* **EXERCISE**
Below are records with pictures in them. Transcribe everything from the line containing "Esta moderna y" down to the line containing "काठमाडौं । कामना", exactly, and leave the pictures behind.

* **AVAILABLE RECORDS**
┌──
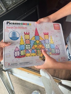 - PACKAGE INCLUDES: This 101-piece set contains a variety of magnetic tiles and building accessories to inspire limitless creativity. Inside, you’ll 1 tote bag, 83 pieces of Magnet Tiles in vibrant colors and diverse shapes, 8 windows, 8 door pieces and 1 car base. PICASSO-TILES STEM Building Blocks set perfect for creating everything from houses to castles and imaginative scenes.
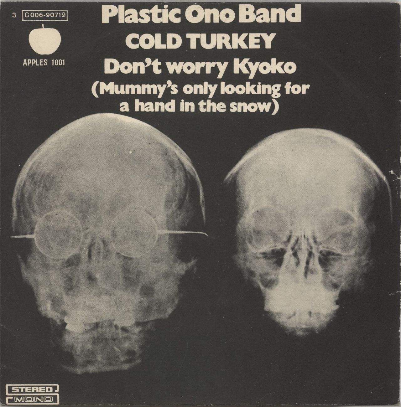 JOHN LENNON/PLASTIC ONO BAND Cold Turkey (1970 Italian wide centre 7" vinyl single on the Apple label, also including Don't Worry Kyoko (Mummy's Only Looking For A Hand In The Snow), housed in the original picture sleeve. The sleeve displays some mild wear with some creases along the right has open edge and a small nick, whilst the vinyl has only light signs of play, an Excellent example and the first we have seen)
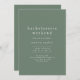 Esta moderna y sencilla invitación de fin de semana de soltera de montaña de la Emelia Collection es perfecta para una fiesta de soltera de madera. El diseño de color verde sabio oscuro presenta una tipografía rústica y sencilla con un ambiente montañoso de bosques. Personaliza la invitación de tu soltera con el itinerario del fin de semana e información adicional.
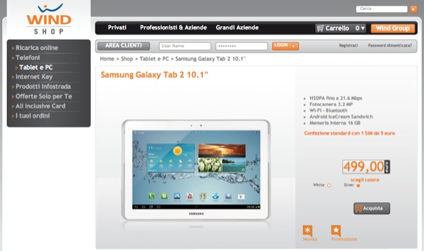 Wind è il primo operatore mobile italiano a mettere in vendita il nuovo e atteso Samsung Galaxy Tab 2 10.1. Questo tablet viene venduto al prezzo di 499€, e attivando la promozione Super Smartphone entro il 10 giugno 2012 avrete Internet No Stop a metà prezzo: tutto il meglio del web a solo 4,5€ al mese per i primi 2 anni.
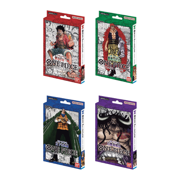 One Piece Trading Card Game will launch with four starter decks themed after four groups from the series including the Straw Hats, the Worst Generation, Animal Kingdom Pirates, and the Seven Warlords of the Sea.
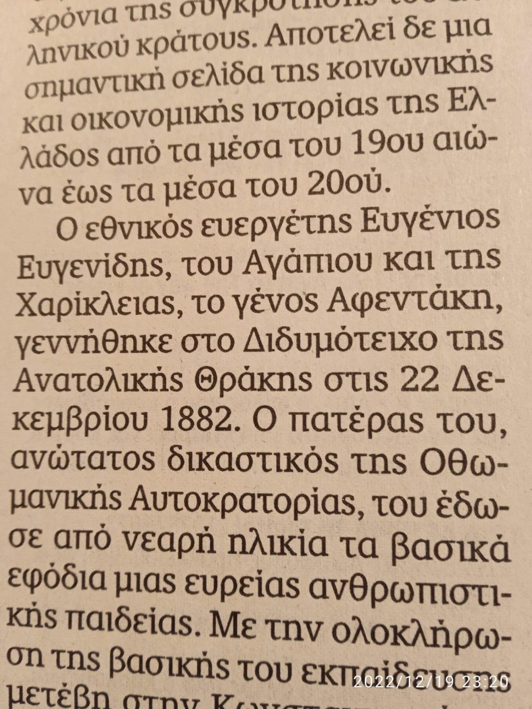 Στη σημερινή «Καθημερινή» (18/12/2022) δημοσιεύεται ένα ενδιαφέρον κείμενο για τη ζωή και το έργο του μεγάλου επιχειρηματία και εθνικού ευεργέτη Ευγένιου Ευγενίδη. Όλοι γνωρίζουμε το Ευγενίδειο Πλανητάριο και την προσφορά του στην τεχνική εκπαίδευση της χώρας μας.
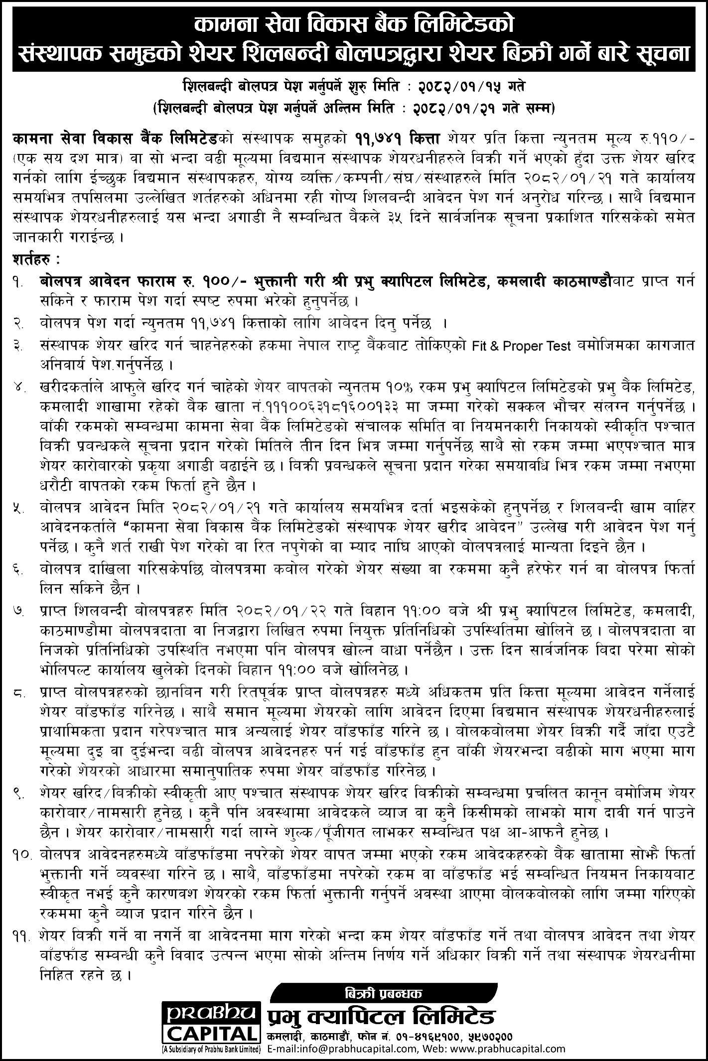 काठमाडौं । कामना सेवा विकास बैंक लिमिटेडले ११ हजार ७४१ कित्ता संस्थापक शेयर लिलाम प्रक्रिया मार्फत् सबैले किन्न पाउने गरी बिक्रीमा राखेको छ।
└──
┌──
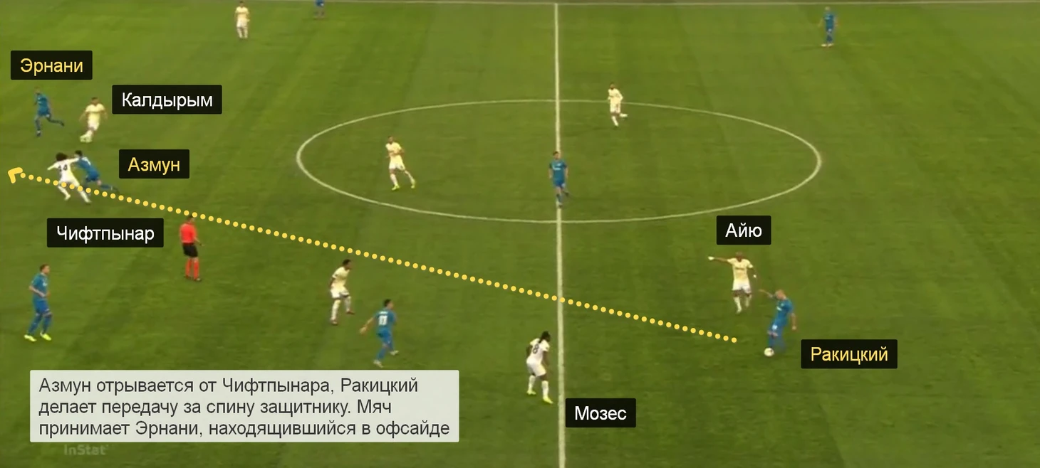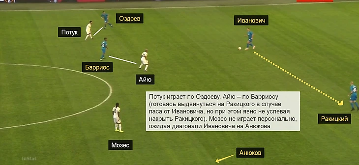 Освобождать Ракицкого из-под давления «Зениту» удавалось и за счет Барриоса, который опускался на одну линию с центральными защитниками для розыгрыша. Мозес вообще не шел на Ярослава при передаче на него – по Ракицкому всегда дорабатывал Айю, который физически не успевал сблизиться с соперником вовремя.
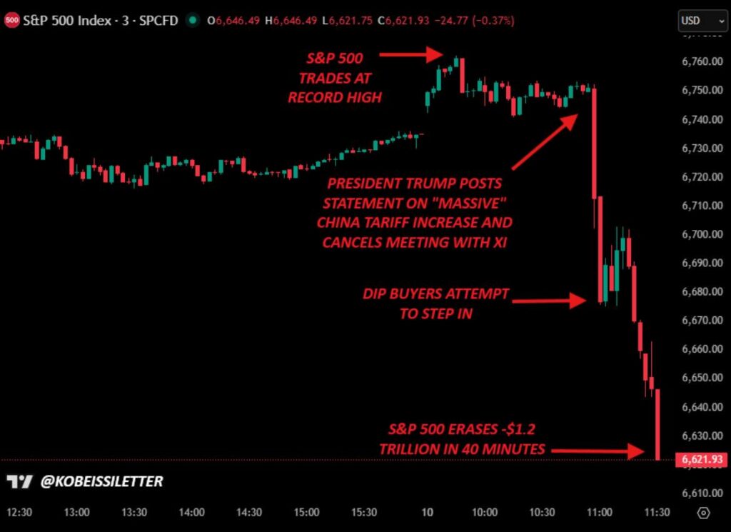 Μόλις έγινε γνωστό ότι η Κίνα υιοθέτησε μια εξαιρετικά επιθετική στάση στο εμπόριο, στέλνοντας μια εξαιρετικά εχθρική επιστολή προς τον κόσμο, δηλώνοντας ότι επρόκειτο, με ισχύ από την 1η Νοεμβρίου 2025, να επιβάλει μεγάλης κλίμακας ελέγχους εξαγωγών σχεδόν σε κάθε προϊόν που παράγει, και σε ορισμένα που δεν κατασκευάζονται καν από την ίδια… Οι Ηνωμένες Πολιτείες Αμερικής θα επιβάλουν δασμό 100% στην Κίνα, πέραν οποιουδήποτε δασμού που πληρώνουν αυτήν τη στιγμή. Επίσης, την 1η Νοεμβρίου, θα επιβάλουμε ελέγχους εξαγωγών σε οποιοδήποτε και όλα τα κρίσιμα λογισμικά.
└──
* **ANSWER SECTION**
 Esta moderna y sencilla invitación de fin de semana de soltera de montaña de la Emelia Collection es perfecta para una fiesta de soltera de madera. El diseño de color verde sabio oscuro presenta una tipografía rústica y sencilla con un ambiente montañoso de bosques. Personaliza la invitación de tu soltera con el itinerario del fin de semana e información adicional.
 Wind è il primo operatore mobile italiano a mettere in vendita il nuovo e atteso Samsung Galaxy Tab 2 10.1. Questo tablet viene venduto al prezzo di 499€, e attivando la promozione Super Smartphone entro il 10 giugno 2012 avrete Internet No Stop a metà prezzo: tutto il meglio del web a solo 4,5€ al mese per i primi 2 anni.
 One Piece Trading Card Game will launch with four starter decks themed after four groups from the series including the Straw Hats, the Worst Generation, Animal Kingdom Pirates, and the Seven Warlords of the Sea.
 Στη σημερινή «Καθημερινή» (18/12/2022) δημοσιεύεται ένα ενδιαφέρον κείμενο για τη ζωή και το έργο του μεγάλου επιχειρηματία και εθνικού ευεργέτη Ευγένιου Ευγενίδη. Όλοι γνωρίζουμε το Ευγενίδειο Πλανητάριο και την προσφορά του στην τεχνική εκπαίδευση της χώρας μας.
 काठमाडौं । कामना सेवा विकास बैंक लिमिटेडले ११ हजार ७४१ कित्ता संस्थापक शेयर लिलाम प्रक्रिया मार्फत् सबैले किन्न पाउने गरी बिक्रीमा राखेको छ।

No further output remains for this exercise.